Early and exclusive breastfeeding and breastfeeding with appropriate complementary feeding for the children, addressing calorie inadequacy , widening the food basket, dietary diversity to address calorie inadequacy, addressing protein hunger through improving/diversifying both production and farming system to include poultry, fishery production etc., climate smart agriculture and farming system and addressing micronutrient malnutrition through food enrichment can be programmatic interventions.
There has to be a special programme to address anaemia in all forms and severely affected malnourished children in hunger and malnutrition hotspots. Naturally bio-fortified crops like drumstick, sweet potato, minor millets, amla etc. need to be promoted. We need to stop nutrition disruptions and address the social, geographical, policy level and economic exclusions.
Planet health is necessary for human health. We need to empower the people specifically women to take control over health and nutrition issues for a sustainable nutrition revolution India needs today.

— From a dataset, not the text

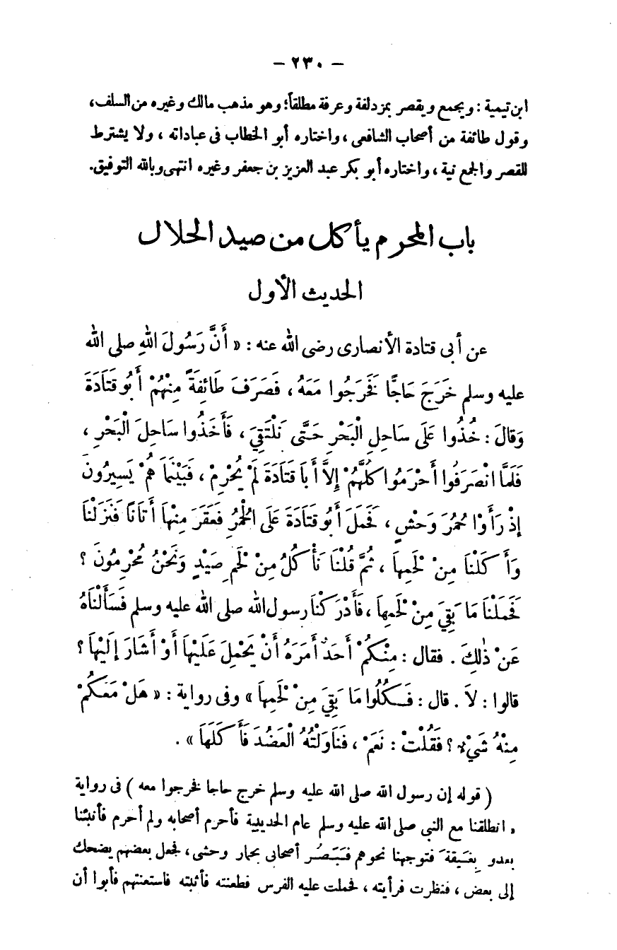 عن أبي قتادة الأنصاري - رضي الله عنه -: "أن رسول الله - صلى الله عليه وسلم - خرج حاجًّا فخرجوا معه، فصرف طائفة منهم أبو قتادة وقال: خذوا على ساحل البحر حتى نلتقي، فأخذوا ساحل البحر، فلمَّا انصرفوا أحرموا كلهم إلا أبا قتادة لم يحرم، فبينما هم يسيرون إذ رأوا حمر وحش، فحمل أبو قتادة على الحمر فعقر منها أتانًا فنزلنا وأكلنا من لحمها، ثم قلنا: نأكل من لحم صيد ونحن محرمون؟ فحملنا ما بقي من لحمها، فأدركنا رسول الله - صلى الله عليه وسلم - فسألناه عن ذلك، فقال: ((أمنكم أحدٌ أمَرَه أن يحمِل عليها أو أشار إليها؟)) ، قالوا: لا، قال: ((فكلوا ما بقي من لحمها)) ، وفي رواية: ((هل معكم منه شيء؟)) ، فقلت: نعم، فناولته العضد فأكلها.

(This is the FIfth in a series of articles on the need for a Nutrition Revolution in India. Basanta Kumar Kar, a native from Odisha, is recipient of the prestigious global ‘Transform Nutrition Champions’’ award for outstanding contribution to nutrition in South Asia and the ‘Odisha Living Legend’ award for contribution to public policy. For his decades long contribution to champion the cause of sustainable food and nutrition security in India and globally, Kar is also known as the ‘Nutrition Man’. He is currently Country Director, Project Concern International/India, Contact- basantak@rediffmail.com)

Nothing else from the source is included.